# Questions about optimcal backup

## atmosx

Hello,

I have a ReadyNAS NV+ on the local network. I can connect to it via ftp/ssh. I'm looking for a way to backup my Gentoo system on it. I want to have incremental backups if possible.

I would use an utility like duplicity (rdiff-backup with gpg encryption) but ReadyNAS has a really old version of it. I need something that works client-side only. Rsyncd-powered backups although are a good solution, it requires extra sever configuration and more open ports.

Is there any other software that works over ssh/ftp that can do what I need?

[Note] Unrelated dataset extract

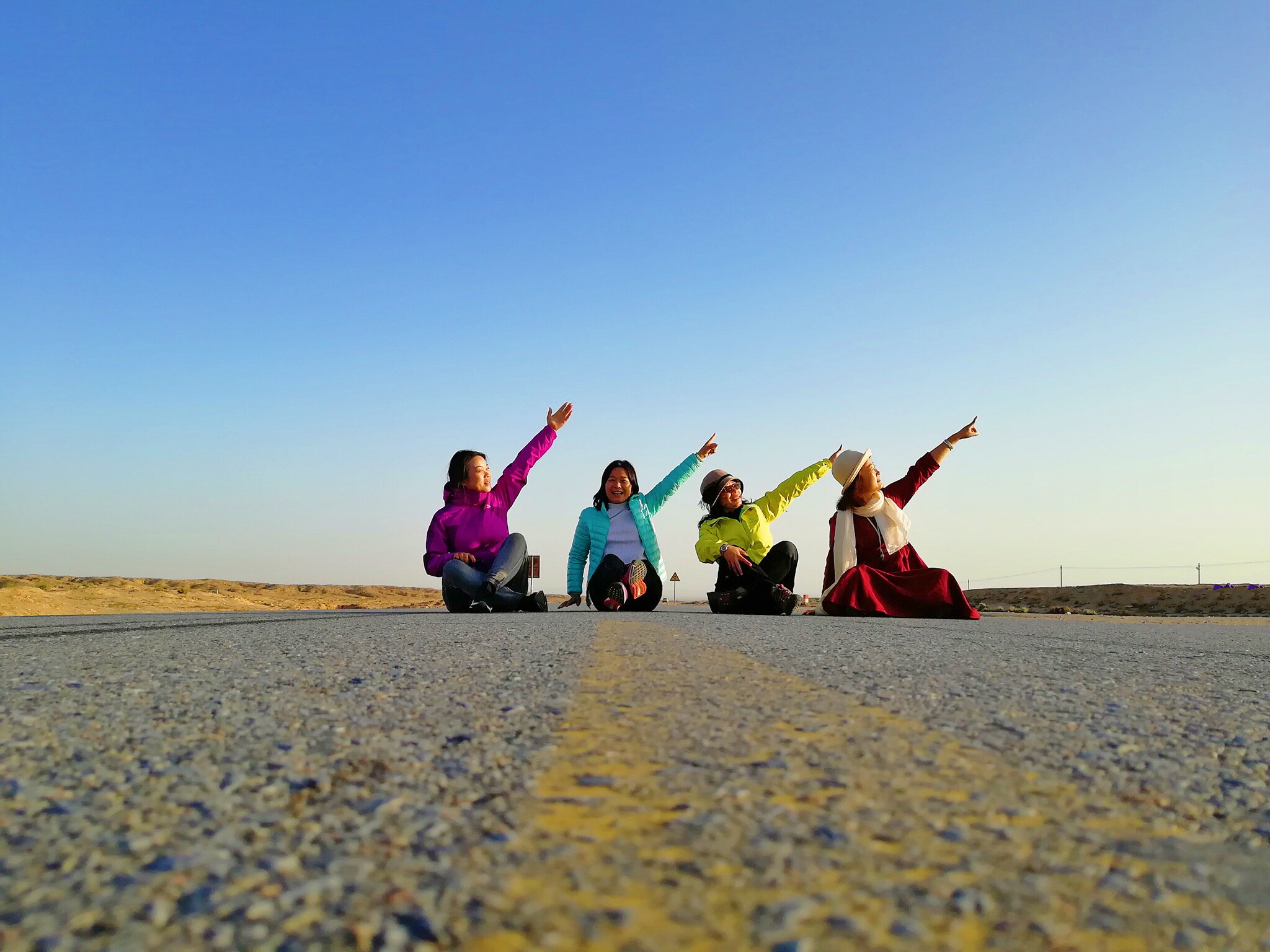 虽然知道大路中间拍照很危险,但南方来的伙伴们对这大漠戈壁中的笔直公路爱得深沉啊!冒险也要拍几张(当然,我们两头都有专人看车准备预告的哦)

Otherwise I'll go with a simple backup script I guess...

Thanks

----------

## avx

Try using sys-fs/sshfs-fuse to mount the NAS into your local tree, from there you can work with it like any other filesystem (maybe need to read the manpage, if keeping permissions is important) and all tools should just work(tm).

----------

## Hu

You could use the ssh transport for rsync.  This should work as long as the server has rsync installed and it may be more efficient than trying to use rsync between a locally mounted directory and an sshfs directory.

----------

## atmosx

Hello,

thanks you both for the hints. SSHFS works great, but due to ease of use, I'll think I'll with rsnapshot which uses rsync and keeps multiple backups.

Best REgards

----------